Tanguay has 63 points and has played primarily with Calgary captain Jarome Iginla all season. Considering this is the best Tanguay has done since the 2006-07 season when he scored a career-high 81 points—with Calgary—this proves hockey players can go home again.
This hulking hero from Chicago’s Stanley Cup run was a beast along the boards and a nuisance in front of the net when he played on the wing for the Hawks in last year’s playoffs. When he was traded to Atlanta in the offseason, though, fantasy owners were not sure what he would become, or what position he would play.
Atlanta shifted Byfuglien back to defense and the rest is history. Byfuglien is scoring more from the back than he ever did up front. He leads all defensemen with 20 goals (eight on the power play) and has scored 53 points overall, more than premier puck carriers like San Jose’s Dan Boyle, Chicago’s Duncan Keith and Los Angeles’ Drew Doughty. Size matters in this case.
Crosby did not have an Eric Lindros-like skull entering the season, yet two freak hits within a week's span derailed the dreams of millions of fantasy owners who thought he would skate them towards league titles and prize money.

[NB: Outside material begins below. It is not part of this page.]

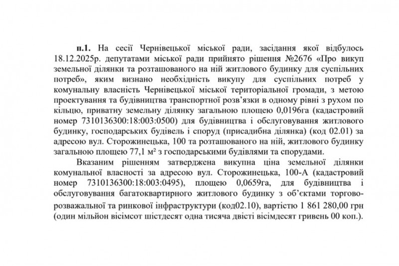 На грудневій сесії депутати підтримали рішення про викуп приватної ділянки на вулиці Сторожинецькій, 100-А площею 196 квадратних метрів з житловим та господарськими будівлями на ній. Вартість цієї ділянки – понад 1,8 мільйона гривень. Водночас викуп передбачає укладання договору міни – власнику віддадуть рівноцінну ділянку.

Crosby was leading the league with 66 points in 41 games at the time of his successive head shots, and he has not been heard from since. And if Crosby owners figured picking up Jordan Staal would soften the blow, it did not work. Staal’s 28 points in 40 games are not Crosbyesque.
When you draft the No. 1 player in fantasy hockey and he only plays half the season, chances are your fantasy team will end up in deeper trouble than Lindsay Lohan in a jewelry store. The NHL and fantasy hockey need Crosby to return to normal and be 100 percent heading into next season.